Posted: Mon Mar 02, 2009 11:31 am
by AdAstra
This [u]may[/u] help.

I am having exactly the same problem but the plumber drained the system down and did not use an airlock method. I have a microbore system and was told that this could cause airlocks due to the hanging down of the pipework between the joists - seems reasonable. I also tried running individual rads bleeding out air and building up to the full system and everything worked. BUT when the system ran up in the morning I found the problem was back with me. I thought that maybe the pump was not getting enough water around the system to feed all 16 rads or the Mid Pos Valve was stuck. I used the locking lever to place the valve in the mid position. to ensure that both CH and HW systems were being fed equally and I found that all my rads warmed up. It may be that I had a problem for some time but it was only when I came to closely examine the system operation that I found an existing problem. You may have a similar situation, especially if you have a number of addons due to extensions.

Since then I have replaced the valve actuator but while the rads and water heat up OK, the boiler does not shut down even with the programmer and stats not calling for heat or hot water. If I drop the power off at the fuse and then reset all is fine until the calls cease and the boiler still takes no notice! I am now studying the electrics carefully as, frankly, given the obvious state of the wiring at the central JB anything could have been fudged when the system was installed in 1985 and mapping new colour codings onto the original is not easy and may not be logical either.

Maybe not much help but good luck

Posted: Mon Mar 02, 2009 9:48 pm
by stoneyboy
jenfa,
I'm not quite sure what balancing your plumber will do for a whole day unless you live in a 10 bed mansion!
You are in a difficult position: clearly they are looking for excuses for the failure of their installation work and I suspect will suggest power flushing the system, this may or may not work and further work will then be recommended.
You could try some basic balancing of your system by restricting those radiators which are hottest - use the valves you can adjust by hand initially and see if this improves things.
If valves were fitted on the new towel rail try restricting these as well.
If this is unsuccessful I can only suggest you get in a different plumber.
end

Posted: Mon Mar 02, 2009 10:03 pm
by jenfa
AdAstra sounds like similar problems we have a drop radiator plan so not an upstairs ring and downstairs but the pipes go up and down and so have lots of elbow joints which can get clogged easily. The pump is slightly undersize too so I think we will be saving up and getting a new pump, the system powerflushed and some new radiators, the wiring looked at and eventually a new boiler.
Can't think it is going to get fixed quickly or cheaply. The problem with old homes and bad diyers!

Posted: Tue Mar 03, 2009 8:54 am
by AdAstra
Hi Jenfa

Just to show you what I mean, since my post to you, I have found the gremlin in the wiring. I had a condensing boiler installed about 3 years ago and from investigation of the actual wiring it would now appear that my plumber ran out of cores and used the boiler to pump cable to carry two live feeds - one for the pump and one for the switched control feed which needs to be dropped before the boiler will switch off. It would seem that the system did work before so I am now trying to find out what has changed since he fudged it.
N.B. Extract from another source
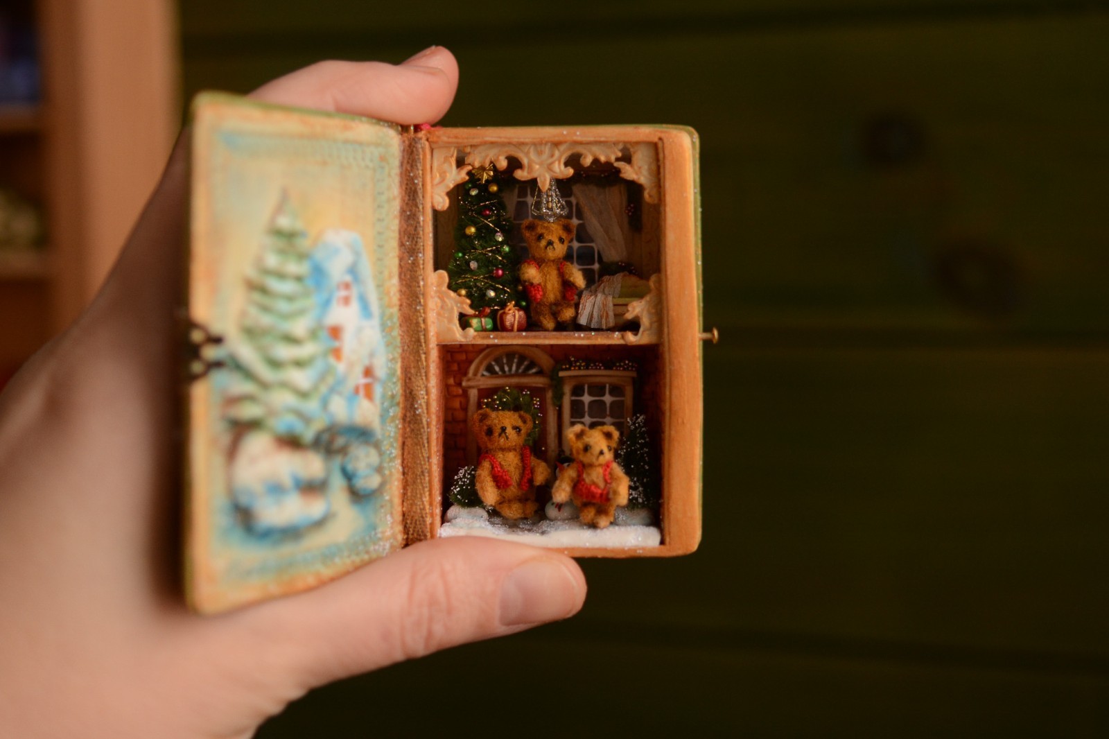 Hi Friends! Let me introduce you to my OOAK handmade miniature bears in a Christmas box This is collaborative work. Tatiana Nechiporenko makes the box house. *** Each limb was crocheted separately and then thread-shaped. Painted with oil He is 5-way thread jointed. It means that the head and the limbs are movable. *** Size: height is nearly 1.5 cm Materials: yarn, sewing thread, glass beads *** Not suitable for children due to the small size. A toy for display, not for play. *** Packed with eco-friendly materials. So you may recently gift it, or just enjoy it yourself! *** Made in a smoke-free home. *** Please note - Colors may vary slightly on your computer screen.
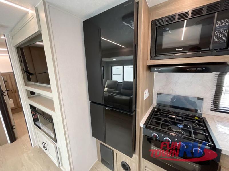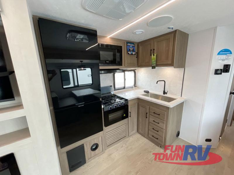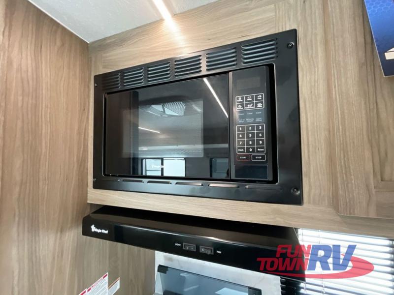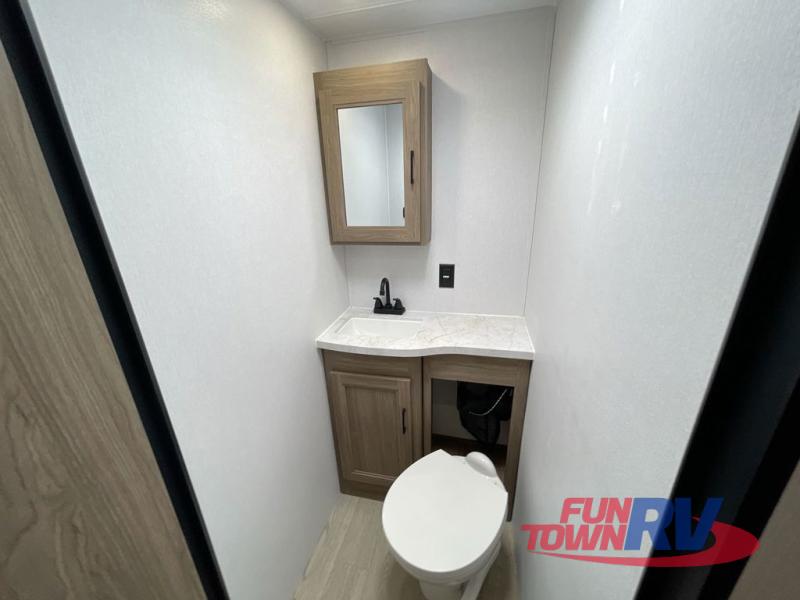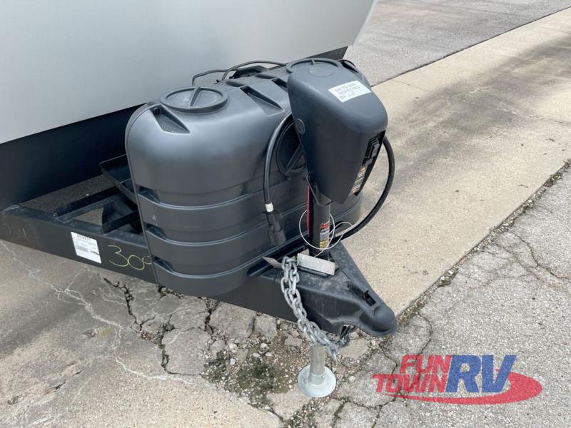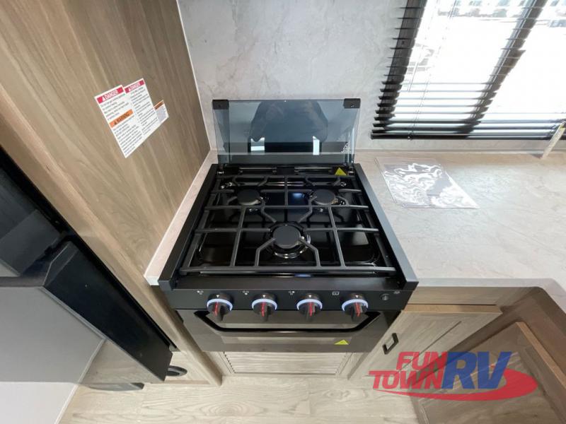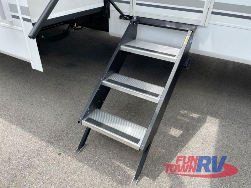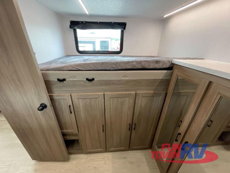 You will love taking a big group camping in this spacious travel trailer! The rear bunkhouse offers a flexible space with bunks plus a roll-over sofa. A half bath in the bunkhouse is ultra convenient, while the full bath includes a 30" x 36" shower.  At the front you will enjoy privacy in the queen bedroom, which has vaulted underbed storage, dual wardrobes, plus a linen closet with its own laundry bag for extra convenience. Everyone will want to gather in the living area with its entertainment center with fireplace. The hide-a-bed sofa offers even more sleeping space, or swap it out for the optional theater seats for extra relaxation. The kitchen is well-equipped and the 76" dinette booth will have plenty of room. There's an outdoor camp kitchen as well if you'd prefer to cook outside.

Incidentally, anyone out there know if picking up the neutral for my pump at the terminal block, instead of taking the Live and neutral feed from the supply fuse on the one cable, is OK. I think it should be OK as the neutral connection will still be back to the mains supply but by a different path but there may be problems with residual voltages that effect the control signals.

The tank and room stats seem to operate correctly with the boiler switched off. Any advice appreciated.